Yeah I know, another thread about not being able to keep the pellet tray lit.  Quick synopsis.  I light the pellets with a propane torch, let them burn hot for 5-10 minutes, gently blow until they are glowing red hot and then blow out the flame.  The last time it was burning so well I had trouble even blowing the flame out but as soon as I put it in the smoker it goes out within 5 minutes.  I only use Todd's pellets and I keep them sealed up.  I've tried every combination of tray placement and chip loader/ash tray combinations that I can think of with no luck.  I have a big cook coming up next week and I really don't want to have to babysit the smoker all night. 
Can someone that's had success with this particular model post a picture of where they place the tray and how far out to pull the chip loader and ash tray? 
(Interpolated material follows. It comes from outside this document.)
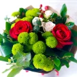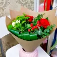 Уменьшенный: роза красная - 2 шт., роза кустовая белая - 1шт., хризантема кустовая зелёная - 1 шт., аспидистра - 1 шт., эвкалипт - 1 шт., салал - 2 шт., гиперикум - 1 шт., упаковка крафт, лента. Примерный размер: 20Х20 см.
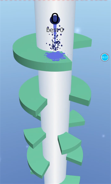 2、通过滑动屏幕来移动塔中间的圆环,以此来让小球可以往下落,并由此来获取到相应的分数。

I know there are a ton of different models and placement to get the right draft is important so I'm most interested in just my particular model.  I think somebody may have even posted a pic that looked like my same smoker at some point but I couldn't find it.  I need some help.  I did have success with a cold smoke 1 time but no luck whatsoever with hot smokes.


----------



## lowcountrygamecock (Sep 24, 2015)

Anybody?


----------



## daveomak (Sep 24, 2015)

Are you using a water pan with water in it...   do you have the chip chute pulled out 1-2"....  do you have the exhaust wide open...    Are you drying the pellets in the oven at 275 for 2 hours...    Is your MES exhaust on the side or the top of the cooking chamber....   did you add an exhaust extension to the exhaust opening...  Where do you place the AMNPS inside the smoker.... 
From the number I think that is a gas smoker...   Is it a gas smoker....   gas flames  consumes all the available oxygen in the smoker...
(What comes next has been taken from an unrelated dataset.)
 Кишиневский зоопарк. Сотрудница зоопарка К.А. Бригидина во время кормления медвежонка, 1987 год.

Pictures and information would sure help....


----------



## mfreel (Sep 24, 2015)

Looks like the 40" electric model with the top vent on the side.  Todd should be chiming in here.  

I recommend you add a right angle/elbow duct to your top vent to help with the draw.  Remove the chip tray but keep the water pan with NO water.  Open the chip feeder 2 inches but don't remove it.  Place the AMNPS on the bottom next to the element on the 2 bars with the lit part furthest away from the element.

MICROWAVE your pellets.  If you're just doing a partial row, microwave the pellets for 1 minute, toss, and then another 30 seconds.  You'll even see steam come off in the bowl.  If you're using more pellets, increase the time a little.  Don't microwave them to the point they start to smoke.  Been there...done that.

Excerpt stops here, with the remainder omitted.